- Born: 1 April 1985 (age 41) London, United Kingdom
- Occupations: Presenter, journalist
- Employer: Channel 4

= Zezi Ifore =

British broadcaster

Zezi Ifore (/ˈzeɪziː ˈaɪfɔər/; born 1 April 1985), is a broadcaster and creative consultant from London.

==Early life==
Born in London, England, UK of Nigerian heritage, Ifore attended Alleyns School in Dulwich, along with Jack Peñate. She studied French and Italian at Oxford University.

==Career==
Ifore formed the DJ collective The Coconut Twins, performing and earning acclaim for their work, and both toured with M.I.A. during her KALA Tour in 2007. Ifore, has also styled other artists.

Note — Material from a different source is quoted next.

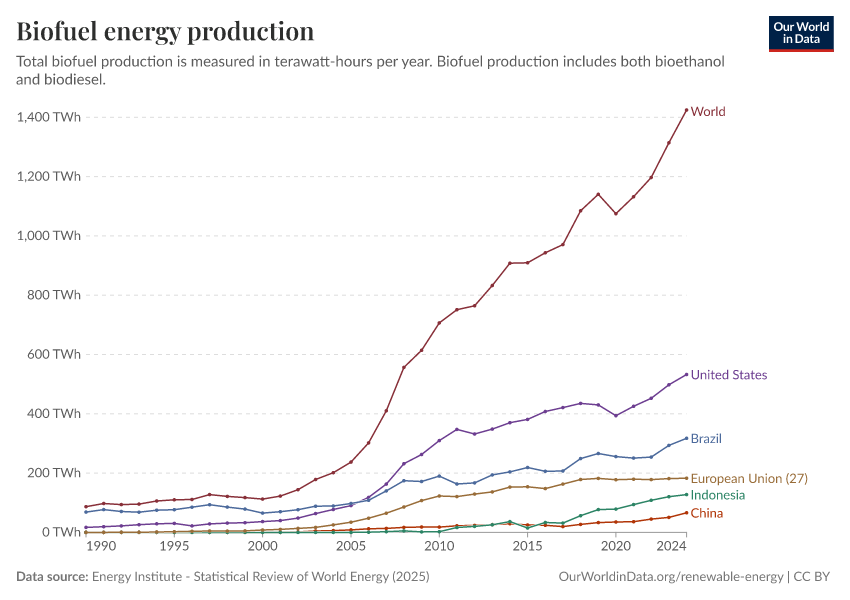 Most of the world’s biofuels come from sugarcane (mostly grown in Brazil), cereal crops such as corn (mostly grown in the United States and the European Union), and oil crops such as soybean and palm oil (which are grown in the US, Brazil, and Indonesia).

Ifore has contributed to publications including i-D and Dazed & Confused, and at the age of 18 was the fashion editor of Live magazine. By the age of 21, she was editor of Super Super magazine. She has since written for The Metro, The Guardian, Electronic Beats and Wad magazine.

Ifore, along with George Lamb, replaced Dermot O'Leary as the host of Big Brother's Little Brother when it returned on 5 June 2008 but was dropped for the 2009 series. Ifore also presented Channel 4's music show, Freshly Squeezed, and E4 Music.

Ifore has also worked as a marketing consultant and in A&R.